Penelope Leach says that at some point in the first two months, your newborn will turn into the Settled Baby. The Settled Baby is the baby you know, the predictable baby. Eric may have become the Settled Baby this week. He and I are into such a schedule the last few days that I am even napping at the same time every afternoon.
It's amazing how quickly things change. On Thursday afternoon, I was so tired and overwrought I nearly called David and asked him to come home early from work, and I was asking myself, "When will I ever feel like a normal person again?" Weep weep weep. Turns out the answer was: the very next morning.
Eric weighed 9 lbs. 10 ounces in a onesie and clean diaper yesterday. Bigger than Noah when he was born! Maybe about the size of Carla when she was born! Only a little more than a pound to go to catch up with Julie at birth! I think it would be fun to make a growth chart with all our birth weights and the weights of the cats on it, and keep track of when he reaches each of them. We figure it will take him about a year to catch up with Mitch, who weighs 18 or 19 pounds.

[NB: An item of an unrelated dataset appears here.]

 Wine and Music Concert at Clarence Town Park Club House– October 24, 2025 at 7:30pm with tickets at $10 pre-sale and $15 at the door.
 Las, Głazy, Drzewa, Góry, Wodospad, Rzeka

My allergies have started acting up again this week. I don't know if I told you about the weird post-partum miracle that I have not needed my allergy medication since the birth. Well, this week I started getting itchy. The good news is that I have been able to manage the itching with hypnosis. For some reason I don't understand, it always hits me right after I lie down in bed, and interferes with sleeping. But I can relieve the itching with hypnosis and go to sleep! I'm quite impressed.

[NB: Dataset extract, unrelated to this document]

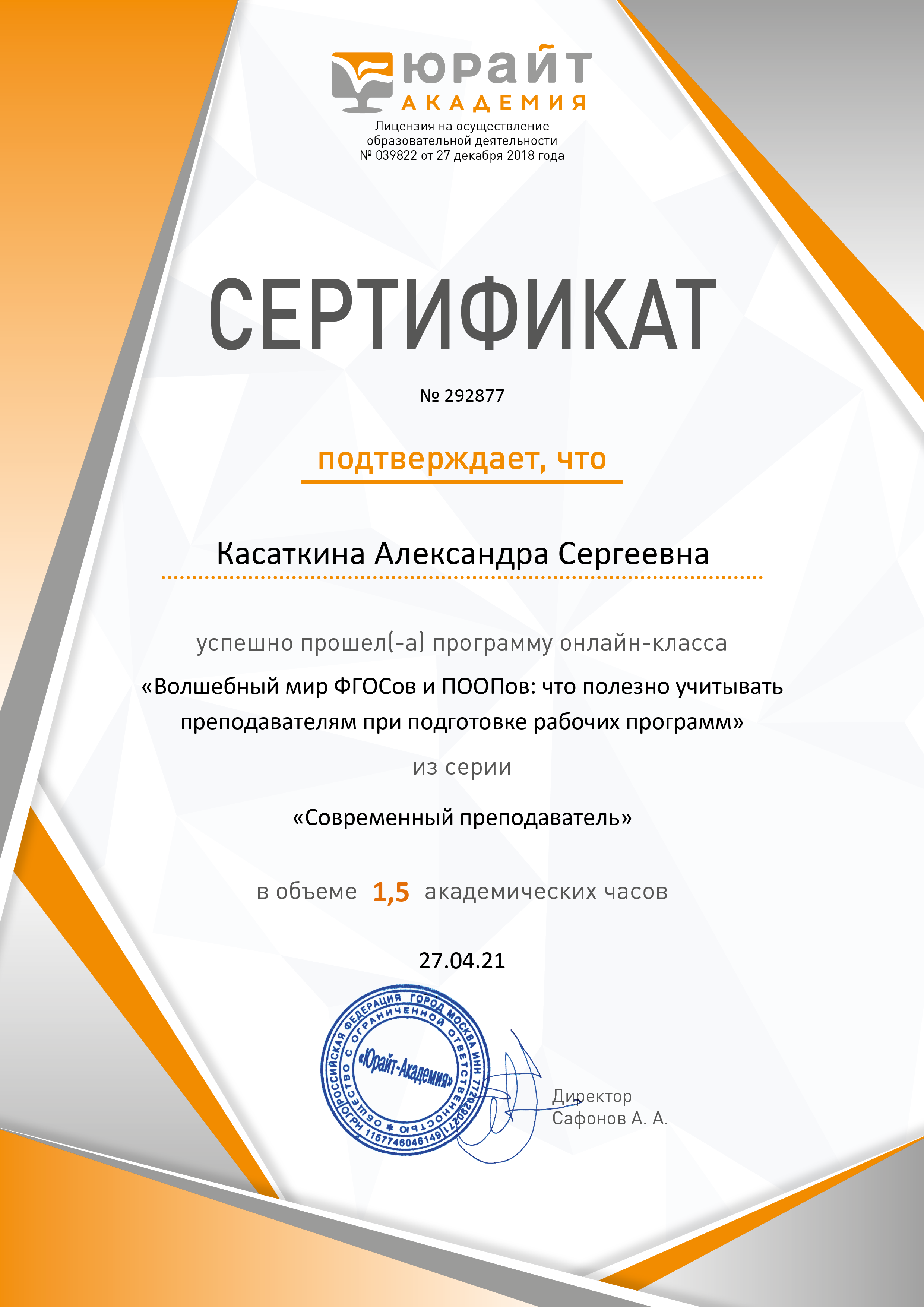 - Участие в работе научно-практического семинара «Волшебный мир ФГОСов и ПООПов: что полезно учитывать преподавателям при подготовке рабочих программ» (27 апреля 2021 г., ООО "Юрайт-Академия").

Of course, there's no reason I couldn't go back on my allergy meds now that I'm not breastfeeding. I'm just curious to see how long I can do without them.
Remembering that I can go back on my meds is kind of a surprise. I forget that Eric is completely detached from my body now, that what I eat has no effect on him. It's strange after ten months, and In a way, it makes me sad that he's so independent of me. I wonder if continued symbiosis was one of the things I was going to like about breastfeeding, like breastfeeding is a way to slowly break the perfect bond mother and baby share during pregnancy.
On the other hand, it has crossed my mind to wonder why "knowing exactly what your baby is getting" is never mentioned as a benefit of bottle-feeding. The formula never changes, and, while breastmilk is always perfect, many moms also report that what they eat affects the baby. Some women can't eat spicy foods while breastfeeding, my friend Merry couldn't eat jelly beans even though she craved them (she thinks the artificial colors disagreed with the baby), and I was going to forego peanuts in order to avoid triggering a peanut allergy in the little guy. The risk of allergies is greater with formula, for sure--I'm not suggesting formula is better. Just more predictable. And I'm surprised the pro-formula people never mention that.
Sometimes in the past, friends and I have joked about breastfeeding a person forever. Why not, if it's perfect food? But I was just reading about why you can't feed a baby just breastmilk until it goes to college. It turns out that milk (whether breastmilk or formula), being mostly water, is an inefficient carrier of calories. It's not dense. At a certain point, the baby is eating as much as it can at each feeding, and eating as often as it can, but needs more calories than the milk can provide. At that point, it starts to need a little bit of solid food, densely packed with calories, to make up the difference. Last night, David and Scott and I were trying to figure out if there was some point in one's life when one could go back on breastmilk only, when one's stomach had gotten large enough, say. Formula has 20 calories per ounce, so an adult needing 2500 calories a day would need to drink 135 ounces of breastmilk. It's not too appealing (and one shudders to think of the suffering of the poor woman providing it), but it could be done, we think.